Each dimension table has a single surrogate key, an arbitrary unique identifier for the row. The fact table has multiple keys, each joining to a different dimension table.

Before you create and run the data flows discussed in this section, in addition to creating the source tables, you must also create the target tables. See How to Create Sample Procedures and Data for Star Schema.

This example has detailed instructions for loading one of the four dimension tables. Refer to the sample flows, DLOADCUST, DSLOADPROD, DSLOADSALE, and DSLOADTIME, for other examples of loading a dimension table. Refer to DSLOADFACT for an example of loading a fact table and DSFLOWP for the complete example of loading a star schema.


Top of page

Example: Loading a Dimension Table

This example has instructions for loading the customer dimension table.

  1. In the DMC, right-click an application directory in the navigation pane and select New, then Flow. The data flow opens in the right hand pane, with the SQL object displayed.
  2. Drag the data source object DMCOMP from the ibisamp application directory in the navigation pane into the workspace, located to the left of the SQL object.
  3. Right-click the SQL object and select Column Selection.

    The Column Selection window opens.

  4. Right-click any column name and Select All. Then click the > arrow to add them to the selected columns and click OK.
  5. Drag the target object DSDIMCUST from the ibisamp application directory into the workspace to the right of the SQL object.
  6. Right-click the target object DSDIMCUST and select Properties.

    The erties window opens.

    From the Load Type drop-down menu, select Slowly Changing Dimensions, as shown in the following image. Click OK.

    Target Properties Window

  7. Right-click the target object DSDIMCUST and select Target Transformations

    The Target Transformation window opens.

  8. Click the Automap Automap Button button.

    The identically named source and target column names are added to the Expressions window. The Target Transformations window should now look like the following image.

    Transformations Window

    Note: The columns CKEY and ACTIVE are not mapped because these columns are handled automatically by the DataMigrator Slowly Changing Dimension processing. CKEY is the surrogate key, which automatically starts with a value of 1 and increases by one, for each row added. The Active flag is set to 1 for currently active rows.

    Click OK to close the Transformations window.

  9. From the main menu, click File, then Save. Enter dsxloadvust as the file name.

Top of page

Example: Loading a Fact Table

A fact table load requires looking up the keys for each row in the corresponding dimension tables, and obtaining a surrogate key so that the fact table can be joined to each of the dimensions for subsequent reporting.

To create the fact table follow these steps.

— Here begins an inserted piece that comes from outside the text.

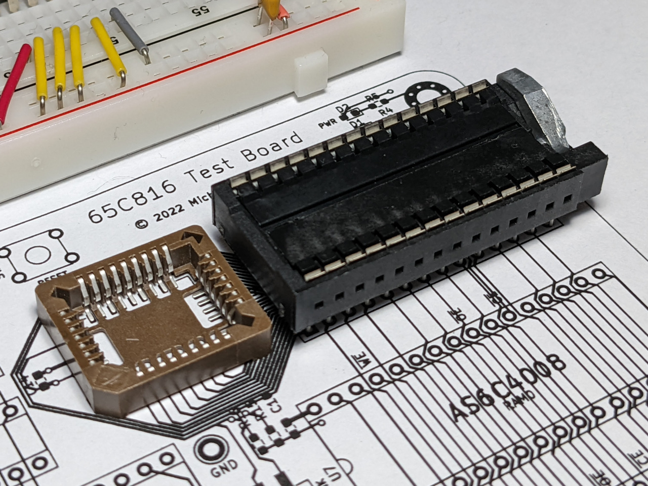 For that previous project, I found that machined-pin sockets are not very tolerant of used chips with bent legs, so I’ve used cheaper stamped pin sockets for this test board. I’ve also left spacing at the ends of each socketed IC, so that they can be pulled out more easily.

  1. In the DMC, right-click an application directory in the navigation pane and choose New, then Flow. The data flow opens in the right hand pane, with the SQL object displayed.
  2. Drag the data source object DMORD from the ibisamp application directory in the navigation pane into the workspace, to the left of the SQL object.
  3. Drag the data source object DMSALE from the ibisamp application directory in the navigation pane into the workspace, to the left of the SQL object.

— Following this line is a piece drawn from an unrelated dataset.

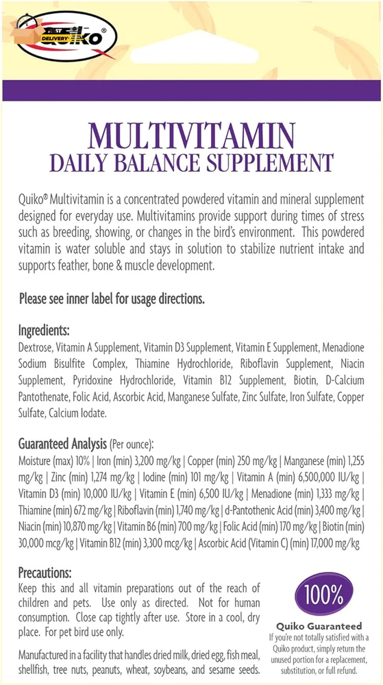 Store New Arrivals Add to Favorite View Feedback Contact Quiko Multivitamin Daily Balance Vitamin & Mineral Supplement for All Pet Birds Description Item model number 20013 Manufacturer recommended age 1 month and up Item Dimensions LxWxH 1.75 x 3 x 5.5 inches Is Discontinued By Manufacturer No Product Dimensions 1.75 x 3 x 5.5 inches; 0.96 ounces Material cotton Country of Origin Germany Item Weight 0.06 Pounds Target Species Cockatiel Flavor Canaries Size 30 Gram Item Form Stick Item Package Dimensions L x W x H 6 x 3 x 2 inches Number of Items 1 BIRD MULTIVITAMIN: Contains 14 important vitamins and 6 essential minerals. VITAMINS AND MINERALS: Includes Vitamin A, Vitamin D3, Vitamin E, Vitamin B12, Riboflavin, and Niacin, plus Biotin, Folic Acid, Calcium, and Iron. FOR ALL BIRDS: Great for small pet birds like finches and canaries or large pet birds like parrots and macaws. WATER SOLUBLE: Powdered supplement dissolves quickly into water, making it easy to sprinkle on top of regular food or serve in a dish on its own. GREAT FOR MIXING: Getting your bird to take their vitamins can be a challenge, but this mix is particularly great sprinkled over egg food. Quiko Daily Multivitamin is the ideal all-purpose daily supplement for birds of all sizes. With 20 essential vitamins and minerals, this multivitamin keeps your pet bird healthy and strong, especially during times of growth or stress. This water soluble supplement powder is easy to add to parakeet food, parrot food, cockatiel food, budgie food, macaw food, conure food, finch food, and more. Mix with egg food for a nutritious treat that goes down easy. ABOUT US We offer the best prices around on high quality products. Our E-store includes media such as books, movies, music and games while offering electronics, toys, sporting apparel, clothing, tools, general home, garden items and more. SHIPPING We are always working hard to ensure your package arrives as soon as possible. Please understand that some factors like weather, high postal traffic, and the performance of shipping companies are outside of our control. We offer free shipping to the lower 48 states and ship within 2 business days of payment, usually sooner. We do not accept P.O. Boxes. Please provide a physical address. For shipping outside of the continental USA, we only use eBay's Global Shipping Program.The item is shipped to KY and then sent to the rest of the world. International customers are responsible for all duties and taxes. Continue to check out in order to calculate costs for shipping the item to your country. Messages regarding eBay's Global Shipping Program MUST be directed at eBay EXCLUSIVELY. RETURNS We offer a 30-Day Return Policy on items which you are not completely satisfied with. You have the option for a full-refund or an exchange of the item. No returns are available on items shipped outside of the USA. PAYMENT We accept PayPal. CONTACT US This page content is yet to come Please ad us to your favorite seller and visit again later Thank You CUSTOMER SATISFACTION We try our very best to make sure every customer is completely satisfied. If there's a problem, message us! We're happy to help. WE ACCEPT Copyright © 2021 AutoDS. | All Rights Reserved

    A JOIN object is automatically added connected to DMORD[MS] and DMSALE.

  4. Drag the data source object DMINV from the ibisamp application directory in the navigation pane into the workspace, to the left of the SQL object.

    A second JOIN object is automatically added connected to the first JOIN object and DMINV.

  5. Right-click the SQL object and select Column Selection.

    The Column Selection window opens.

  6. Select the following columns and click the > arrow to add them to the Selected Columns list:

    ORDER_DATE from DMORD(T1)

    PROD_NUM from DMINV(T3)

    STORE_CODE from DMORD(T1)

    EMPID from DMSALE(T2)

    LINEPRICE from DMORD(T1)

    QUANTITY from DMORD(T1)

  7. Click the Insert Columns Insert Columns Button button.

    The SQL Calculator opens.

  8. For Alias, type LINCOGS and for calculation, expand DMPROD. Double-click QUANTITY, type*, then expand DMINV and INVINFO. Select COST so that the Expression window shows T1.QUANTITY * T3.COST.
  9. Click OK to close the SQL calculator.

    The Column Selection window should appear as in the following image.

    Column Selection Window

  10. Click OK to close the Column Selection window.
  11. Drag the target object DSFACT from the ibisamp application directory to the workspace to the right of the SQL object.
  12. Right-click DSFACT and select Target Transformations.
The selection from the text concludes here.